§ **What the task asks**
Starting with the line that has "8、這時,按住鼠標(biāo" in the records below and stopping after the line that has "Слипоны — обувь", output every line exactly and nothing else; skip pictures.

§ **Task inputs**

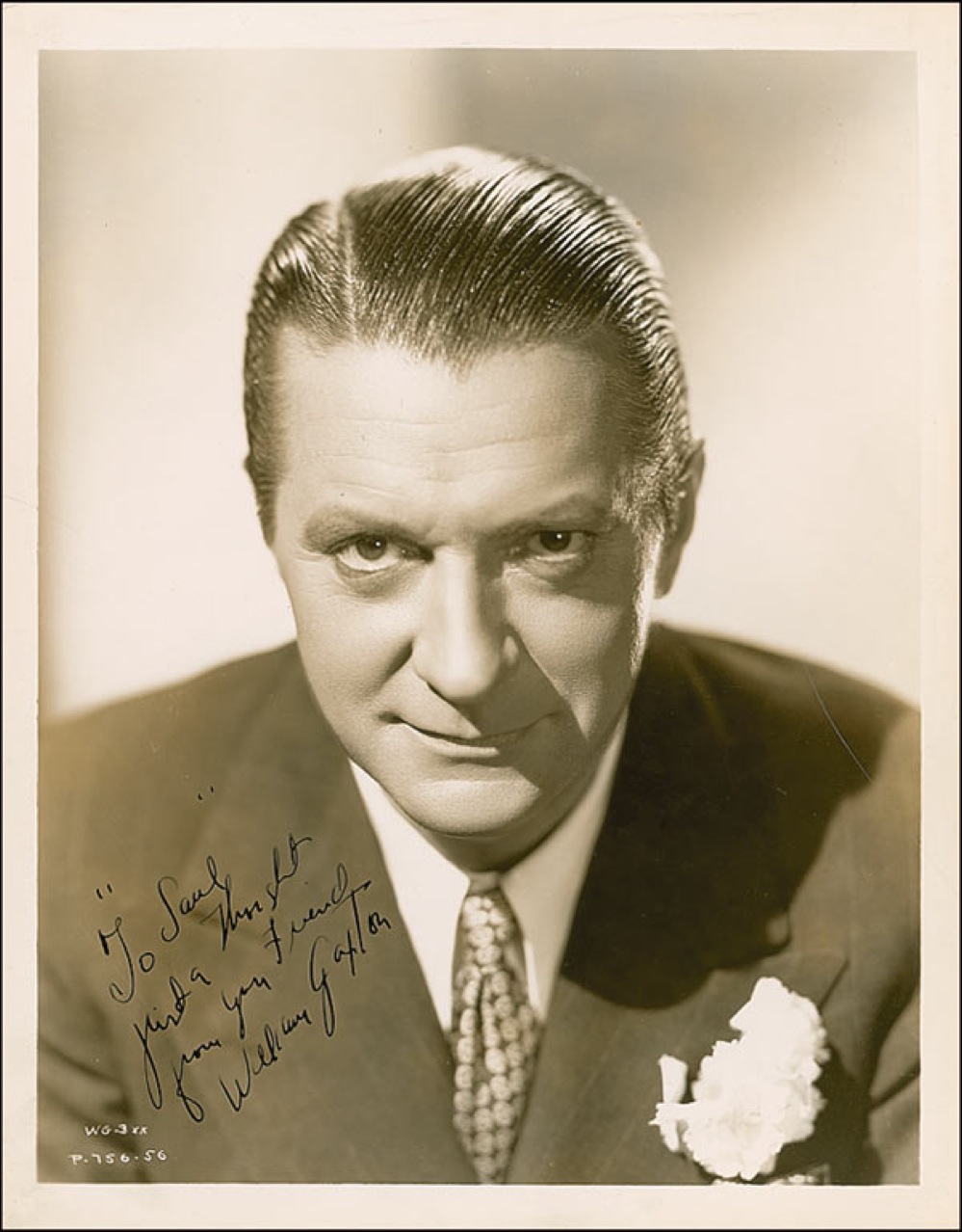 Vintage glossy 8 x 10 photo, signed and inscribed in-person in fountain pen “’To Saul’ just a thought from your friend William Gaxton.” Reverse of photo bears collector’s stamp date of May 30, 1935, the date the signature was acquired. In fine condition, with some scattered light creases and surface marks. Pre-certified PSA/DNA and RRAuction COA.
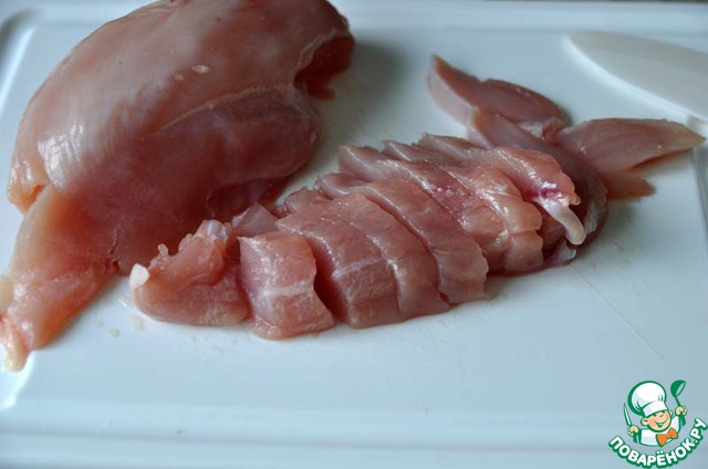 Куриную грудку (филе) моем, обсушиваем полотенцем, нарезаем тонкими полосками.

* * *

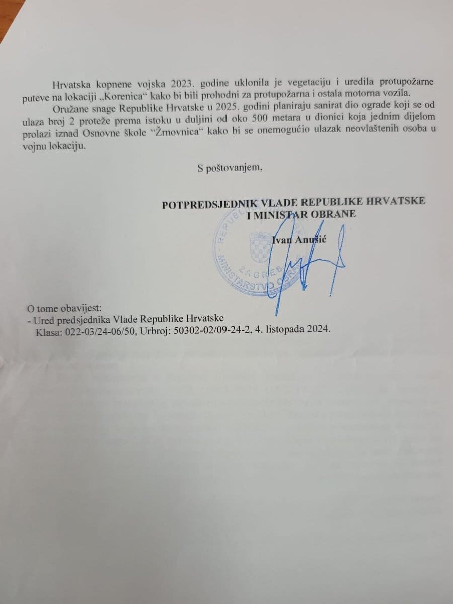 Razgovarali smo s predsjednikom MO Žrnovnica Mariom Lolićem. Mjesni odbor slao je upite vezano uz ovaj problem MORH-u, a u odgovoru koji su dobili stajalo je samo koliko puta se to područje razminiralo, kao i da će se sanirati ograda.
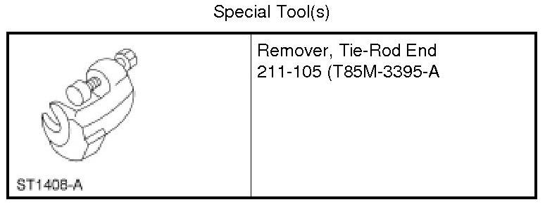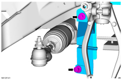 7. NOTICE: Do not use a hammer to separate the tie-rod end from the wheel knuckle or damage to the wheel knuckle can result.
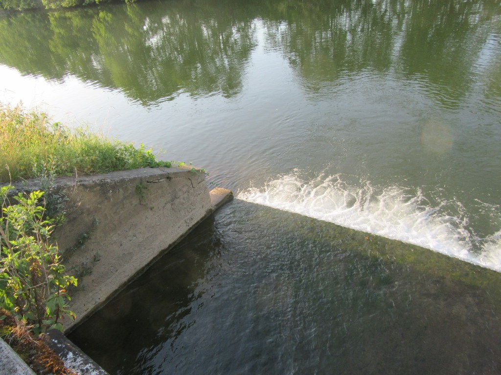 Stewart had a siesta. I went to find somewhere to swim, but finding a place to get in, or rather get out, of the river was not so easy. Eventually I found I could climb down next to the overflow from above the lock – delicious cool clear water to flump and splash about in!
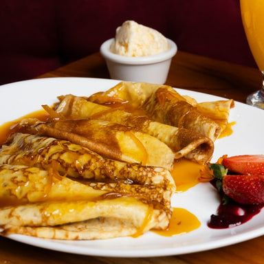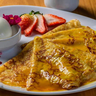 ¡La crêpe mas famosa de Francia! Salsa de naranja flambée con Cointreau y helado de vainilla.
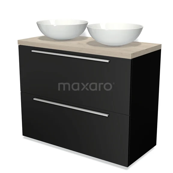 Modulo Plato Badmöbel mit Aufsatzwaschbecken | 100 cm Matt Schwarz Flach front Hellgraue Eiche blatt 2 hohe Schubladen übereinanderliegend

--

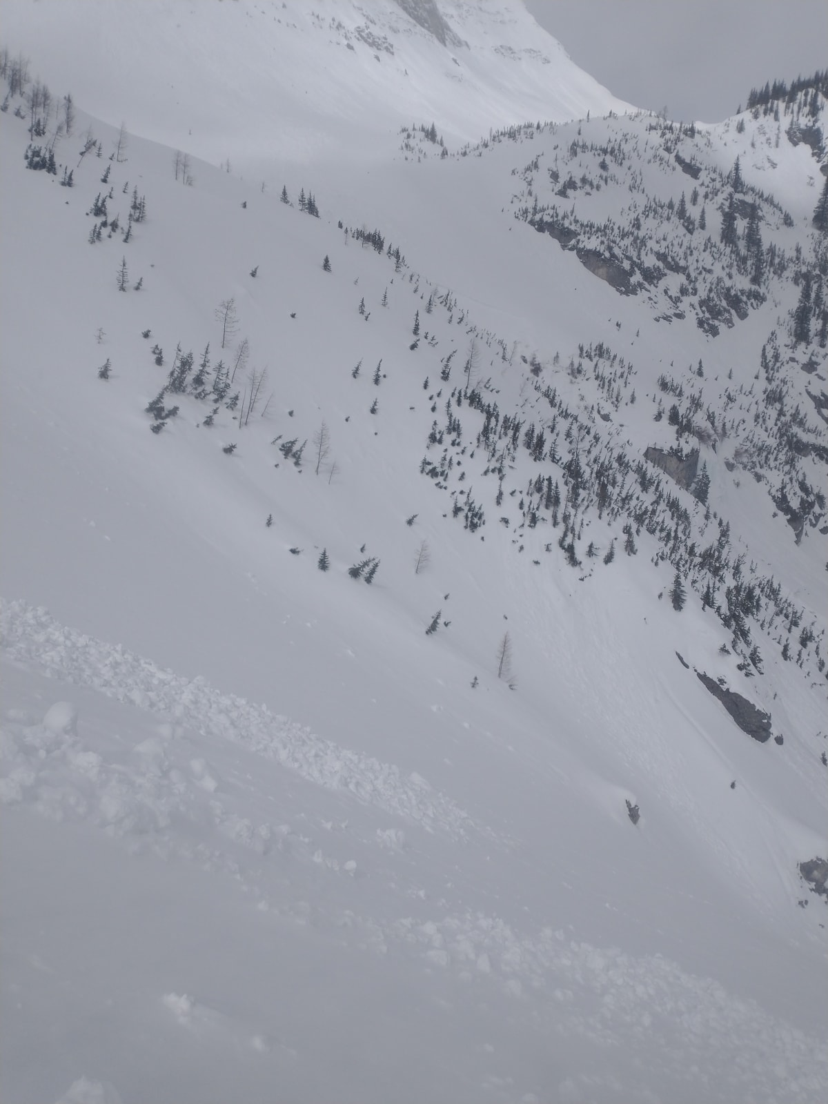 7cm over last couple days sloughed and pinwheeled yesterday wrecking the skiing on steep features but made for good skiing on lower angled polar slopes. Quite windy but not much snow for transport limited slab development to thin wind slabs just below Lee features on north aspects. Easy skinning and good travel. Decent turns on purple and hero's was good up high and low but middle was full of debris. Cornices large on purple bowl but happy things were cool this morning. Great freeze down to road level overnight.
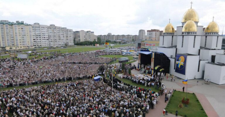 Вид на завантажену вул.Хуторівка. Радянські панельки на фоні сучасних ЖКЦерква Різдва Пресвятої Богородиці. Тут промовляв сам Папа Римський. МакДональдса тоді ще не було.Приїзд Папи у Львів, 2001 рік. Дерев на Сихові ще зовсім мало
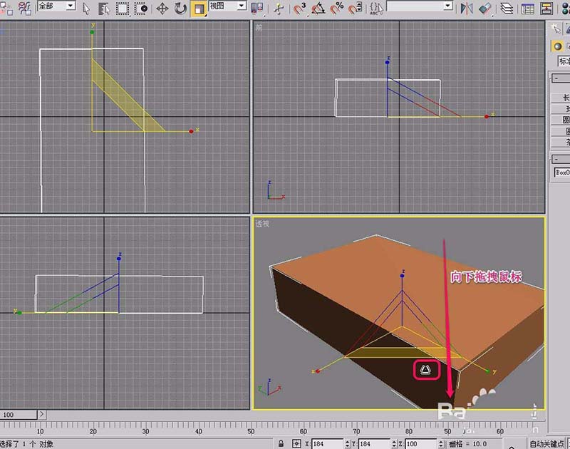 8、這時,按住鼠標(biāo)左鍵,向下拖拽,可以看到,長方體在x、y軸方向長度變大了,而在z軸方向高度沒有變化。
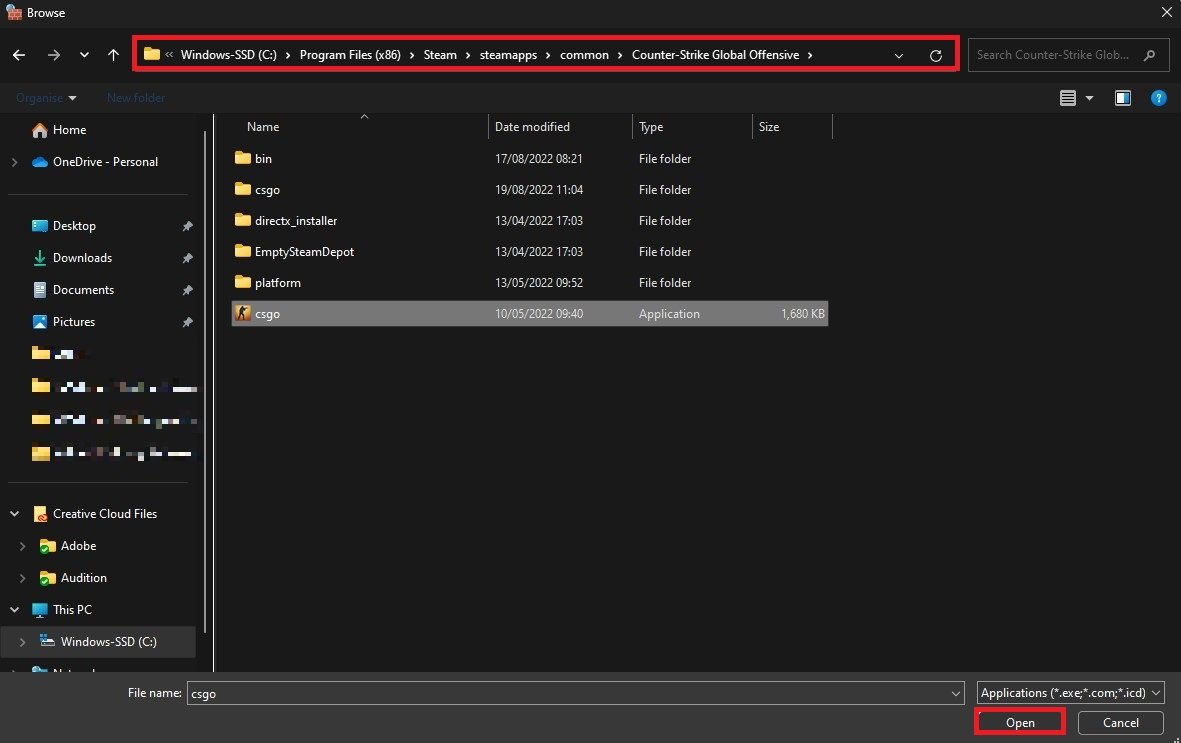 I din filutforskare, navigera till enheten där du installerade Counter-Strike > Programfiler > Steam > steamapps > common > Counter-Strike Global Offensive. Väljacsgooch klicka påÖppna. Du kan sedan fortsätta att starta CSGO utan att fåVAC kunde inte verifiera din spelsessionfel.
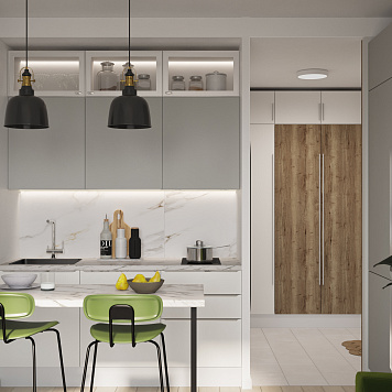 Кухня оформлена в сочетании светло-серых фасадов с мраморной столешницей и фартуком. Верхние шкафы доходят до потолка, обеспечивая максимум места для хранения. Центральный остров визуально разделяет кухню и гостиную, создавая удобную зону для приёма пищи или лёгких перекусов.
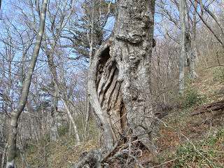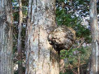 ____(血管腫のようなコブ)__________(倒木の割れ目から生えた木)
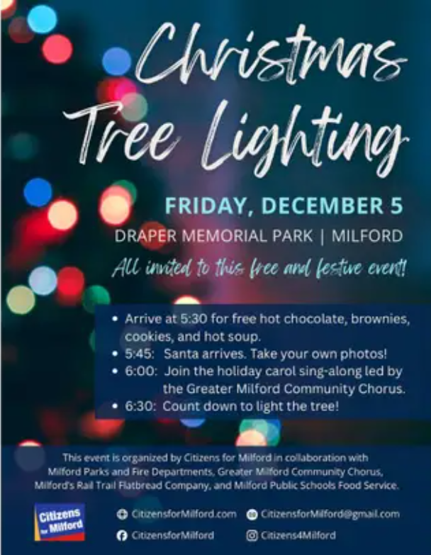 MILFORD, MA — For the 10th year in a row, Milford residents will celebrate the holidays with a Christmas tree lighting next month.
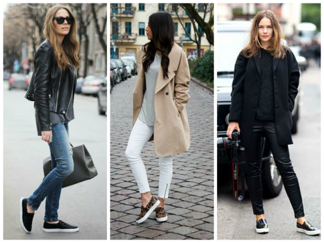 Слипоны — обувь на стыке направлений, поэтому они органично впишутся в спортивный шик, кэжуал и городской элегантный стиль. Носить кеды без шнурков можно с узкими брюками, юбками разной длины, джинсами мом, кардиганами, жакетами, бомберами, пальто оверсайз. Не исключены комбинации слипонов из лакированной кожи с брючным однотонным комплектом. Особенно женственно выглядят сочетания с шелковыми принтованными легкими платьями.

§ **Answer to the problem**
 8、這時,按住鼠標(biāo)左鍵,向下拖拽,可以看到,長方體在x、y軸方向長度變大了,而在z軸方向高度沒有變化。
 I din filutforskare, navigera till enheten där du installerade Counter-Strike > Programfiler > Steam > steamapps > common > Counter-Strike Global Offensive. Väljacsgooch klicka påÖppna. Du kan sedan fortsätta att starta CSGO utan att fåVAC kunde inte verifiera din spelsessionfel.
 Кухня оформлена в сочетании светло-серых фасадов с мраморной столешницей и фартуком. Верхние шкафы доходят до потолка, обеспечивая максимум места для хранения. Центральный остров визуально разделяет кухню и гостиную, создавая удобную зону для приёма пищи или лёгких перекусов.
 ____(血管腫のようなコブ)__________(倒木の割れ目から生えた木)
 MILFORD, MA — For the 10th year in a row, Milford residents will celebrate the holidays with a Christmas tree lighting next month.
 Слипоны — обувь на стыке направлений, поэтому они органично впишутся в спортивный шик, кэжуал и городской элегантный стиль. Носить кеды без шнурков можно с узкими брюками, юбками разной длины, джинсами мом, кардиганами, жакетами, бомберами, пальто оверсайз. Не исключены комбинации слипонов из лакированной кожи с брючным однотонным комплектом. Особенно женственно выглядят сочетания с шелковыми принтованными легкими платьями.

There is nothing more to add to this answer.